KEYWORDS: SYMMETRY GENERAL

Complaints and suggestions can be send to:
Sebastian Rämisch (raemisch@scripps.edu)

Updated 29 May 2017 by Vikram K. Mulligan (vmullig@uw.edu) for new ref2015 scorefunction.

Symmetry in Rosetta

There is a very comprehensive documentation of how symmetry is dealt with in Rosetta: The
Symmetry User Guide.
It explains the underlying concepts and how to run simulations using symmetry.

This tutorial will be a hands-on exercise. It is focussed on how get the correct symmetry definitions because starting a Rosetta protocol once a symmetry definition is available, is relatively simple.

What is a symmetry definition?

In order for a protocol to use symmetry, the information on how many subunits are related by what symmetry. The way to pass that information is by providing a symmetry definition file. The Symmetry User Guide covers this topic as well. You may want to take a look at it, if you have not already done so.

Simple geometries

The Symmetry User Guide lists what type of symmetries can be represented using basic symmetry operations. For those, there is a script to generate those simple symmetry definition files. Try it yourself! Generate a sym def file for 10-fold cyclic symmetry:

$> $ROSETTA3/src/apps/public/symmetry/make_symmdef_file_denovo.py -symm_type cn -nsub 10 > C10_denovo.sym

Most information in the C10_denovo.sym will be covered within this tutorial. For now, just focus on the part that actually contains symmetry information:

start -1,0,0 0,1,0 0,0,0
rot Rz 10

"start" represents the internal coordinate system for the first subunit: x-axis=-1,0,0, yaxis=0,1,0 and the origin=0,0,0. The z-axis is simply the vector that is orthogonal to x and y. By default, the z axis is the rotation axis and the x axis is the connection from the subunit to (0,0,0). The symmetry relation is encoded by rot Rz 10 . That means: divide 360 degrees by 10 and rotate this much around z for placing the next subunit.

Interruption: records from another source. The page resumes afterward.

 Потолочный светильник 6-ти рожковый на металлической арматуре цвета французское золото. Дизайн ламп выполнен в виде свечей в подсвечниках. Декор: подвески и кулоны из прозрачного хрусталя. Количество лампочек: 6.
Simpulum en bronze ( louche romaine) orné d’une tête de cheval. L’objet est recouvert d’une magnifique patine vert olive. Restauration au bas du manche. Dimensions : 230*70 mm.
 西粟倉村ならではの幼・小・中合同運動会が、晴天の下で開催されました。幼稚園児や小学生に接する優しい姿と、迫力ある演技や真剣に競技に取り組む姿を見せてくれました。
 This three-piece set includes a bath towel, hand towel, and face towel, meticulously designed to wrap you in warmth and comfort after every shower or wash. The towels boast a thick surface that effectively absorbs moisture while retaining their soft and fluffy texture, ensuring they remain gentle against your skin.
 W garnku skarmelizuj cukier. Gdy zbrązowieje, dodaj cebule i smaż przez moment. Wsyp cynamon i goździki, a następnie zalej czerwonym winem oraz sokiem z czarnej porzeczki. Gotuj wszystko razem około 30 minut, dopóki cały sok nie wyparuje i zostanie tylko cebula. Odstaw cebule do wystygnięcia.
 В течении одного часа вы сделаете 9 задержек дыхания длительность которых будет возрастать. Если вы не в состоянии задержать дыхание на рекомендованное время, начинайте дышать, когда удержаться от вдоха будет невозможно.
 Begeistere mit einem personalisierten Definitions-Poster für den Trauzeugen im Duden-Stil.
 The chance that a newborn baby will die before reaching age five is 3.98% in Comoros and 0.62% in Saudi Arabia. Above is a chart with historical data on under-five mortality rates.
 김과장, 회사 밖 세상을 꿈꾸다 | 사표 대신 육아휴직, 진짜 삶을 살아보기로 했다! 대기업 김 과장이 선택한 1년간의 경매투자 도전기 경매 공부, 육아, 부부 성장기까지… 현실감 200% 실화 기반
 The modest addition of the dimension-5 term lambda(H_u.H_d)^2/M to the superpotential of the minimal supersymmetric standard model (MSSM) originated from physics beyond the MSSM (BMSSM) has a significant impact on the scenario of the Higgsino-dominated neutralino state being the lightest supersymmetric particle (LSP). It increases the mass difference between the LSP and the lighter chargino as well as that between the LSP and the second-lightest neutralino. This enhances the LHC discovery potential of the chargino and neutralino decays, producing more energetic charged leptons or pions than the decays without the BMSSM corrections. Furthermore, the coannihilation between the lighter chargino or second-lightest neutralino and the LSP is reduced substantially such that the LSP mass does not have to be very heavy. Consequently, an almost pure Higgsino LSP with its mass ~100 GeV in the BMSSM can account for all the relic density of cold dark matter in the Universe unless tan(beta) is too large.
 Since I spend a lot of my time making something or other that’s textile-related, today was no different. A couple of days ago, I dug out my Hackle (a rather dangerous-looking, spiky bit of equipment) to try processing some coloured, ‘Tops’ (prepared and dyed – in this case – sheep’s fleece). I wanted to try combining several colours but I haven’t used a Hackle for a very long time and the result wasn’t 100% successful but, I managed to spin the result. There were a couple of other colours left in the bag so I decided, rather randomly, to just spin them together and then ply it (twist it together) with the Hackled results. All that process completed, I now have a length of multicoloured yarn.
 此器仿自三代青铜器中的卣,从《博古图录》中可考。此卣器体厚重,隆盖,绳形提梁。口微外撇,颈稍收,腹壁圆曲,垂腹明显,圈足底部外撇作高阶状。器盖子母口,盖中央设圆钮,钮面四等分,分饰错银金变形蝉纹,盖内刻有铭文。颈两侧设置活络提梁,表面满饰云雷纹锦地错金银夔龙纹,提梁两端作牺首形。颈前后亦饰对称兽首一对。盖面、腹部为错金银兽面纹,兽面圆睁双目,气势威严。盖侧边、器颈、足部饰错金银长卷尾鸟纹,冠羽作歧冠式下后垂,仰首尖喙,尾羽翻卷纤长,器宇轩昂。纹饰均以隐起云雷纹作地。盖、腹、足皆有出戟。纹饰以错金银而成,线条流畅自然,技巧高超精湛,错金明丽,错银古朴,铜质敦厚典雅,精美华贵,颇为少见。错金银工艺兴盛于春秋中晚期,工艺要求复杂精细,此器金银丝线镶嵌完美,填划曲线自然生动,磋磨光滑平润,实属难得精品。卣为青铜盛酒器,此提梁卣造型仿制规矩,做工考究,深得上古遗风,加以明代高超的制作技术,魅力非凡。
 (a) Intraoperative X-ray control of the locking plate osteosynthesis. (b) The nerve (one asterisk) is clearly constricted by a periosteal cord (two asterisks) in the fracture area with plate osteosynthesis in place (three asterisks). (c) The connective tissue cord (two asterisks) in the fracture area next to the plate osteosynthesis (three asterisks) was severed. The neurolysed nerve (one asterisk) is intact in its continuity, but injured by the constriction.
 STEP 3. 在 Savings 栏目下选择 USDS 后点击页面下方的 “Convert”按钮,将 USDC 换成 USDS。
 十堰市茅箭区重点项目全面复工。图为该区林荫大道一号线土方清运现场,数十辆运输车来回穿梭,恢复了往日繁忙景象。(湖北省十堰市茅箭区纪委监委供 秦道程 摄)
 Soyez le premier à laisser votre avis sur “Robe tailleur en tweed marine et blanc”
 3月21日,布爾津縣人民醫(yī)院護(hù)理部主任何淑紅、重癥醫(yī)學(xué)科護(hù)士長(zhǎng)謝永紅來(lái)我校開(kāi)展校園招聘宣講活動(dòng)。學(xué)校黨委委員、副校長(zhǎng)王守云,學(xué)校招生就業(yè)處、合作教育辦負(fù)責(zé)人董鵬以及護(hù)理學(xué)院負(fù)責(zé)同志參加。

You can use this to dock a simple helix into a 10-meric ring:

$> $ROSETTA3/bin/SymDock.deault.linuxgccrelease @input_files/options -symmetry:symmetry_definition C10_denovo.sym

NOTE: The input structure for a symmetric protocol has to be the monomeric unit of whatever you want to simulate. If you give Rosetta a 10mer and then run SymDock, it will produce a 100-mer from it (which will take quite a while).

This may take up to a few minutes. If you look at the output, you will see some kind of ring, where subunits properly packed against each other.

Unfortunately, the use of simple symmetry operations in Rosetta is rather limited. If you, for instance, try to dock trimers and pentamers into some symmetric array, there is no single symmetry axis that relates every single subunit to each other.

Fortunately, there is another way to make Rosetta aware of more complicated arrangements. For the sake of simplicity, you will learn about the components you need with a simple trimer as an example.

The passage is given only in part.